Among the issues that Mueller is expected to raise is the limited access to besieged areas. While two UN inter-agency cross-line convoys were deployed in December, neither convoy reached besieged areas. So far, no inter-agency convoy has reached hard-to-reach or besieged areas in January. In addition to bureaucratic challenges and security considerations, inter-agency convoys continue to suffer from the removal and delisting of medical supplies by the Syrian government. In December, 5,800 treatments were either removed from convoys or not allowed to be loaded in December, bringing the total number of treatments removed or not permitted to be loaded to more than 645,000 in 2017.

The situation in Eastern Ghouta is also expected to be discussed, since 94 percent of the total besieged population in Syria currently resides there. Of particular interest to Council members will be the current status of some 600 people who remain in need of urgent medical evacuation. Mueller will most likely discuss the recent displacement of civilians from Idlib and Hama, following an air campaign conducted by the Syrian government. The impact of the offensive on civilians has been aggravated by the fact that most of the people in need were already internally displaced before the recent escalation in violence.

While the P3 and like-minded countries have emphasised the gravity of the situation in Idlib and Eastern Ghouta, which are designated as “de-escalation areas” but where civilians are regularly targeted, Russia has repeatedly expressed concerns over the humanitarian situation in Raqqa.
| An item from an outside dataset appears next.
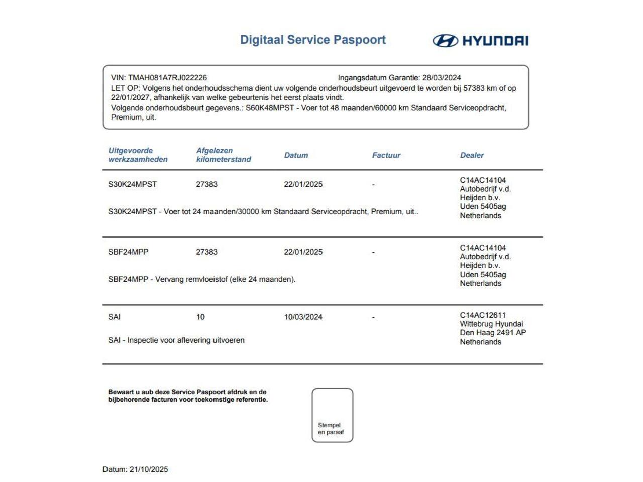 EU verantwoordelijke: Hyundai Motor Netherlands B.V. Postbus 281 2170 AG Sassenheim

On 9 January, Mueller briefed Council members under “any other business.” The briefing had been requested by Russia to call for the US-led coalition involved in liberating the city from the Islamic State of Iraq and the Levant (ISIL) to play a role in its reconstruction. The Secretary-General’s report emphasises how the high prevalence of landmines, booby traps and explosive remnants of war has resulted in the death or injury of 220 civilians since the city was liberated in October 2017.

Mueller may also brief Council members on the humanitarian impact of the “Operation Olive Branch” launched by Turkey on 20 January. The military offensive targets the territory of Afrin, held by a Kurdish militia that is part of the US-allied Syrian Democratic Forces (SDF) and that Turkey considers a terrorist organisation. Mueller may discuss the impact on civilians of the military escalation, especially considering the concentration of civilians in Afrin, and the displacement flows observed on the ground. Furthermore, Mueller is likely to brief Council members on the impact of shelling from Syria to Turkey on UN cross-border operations.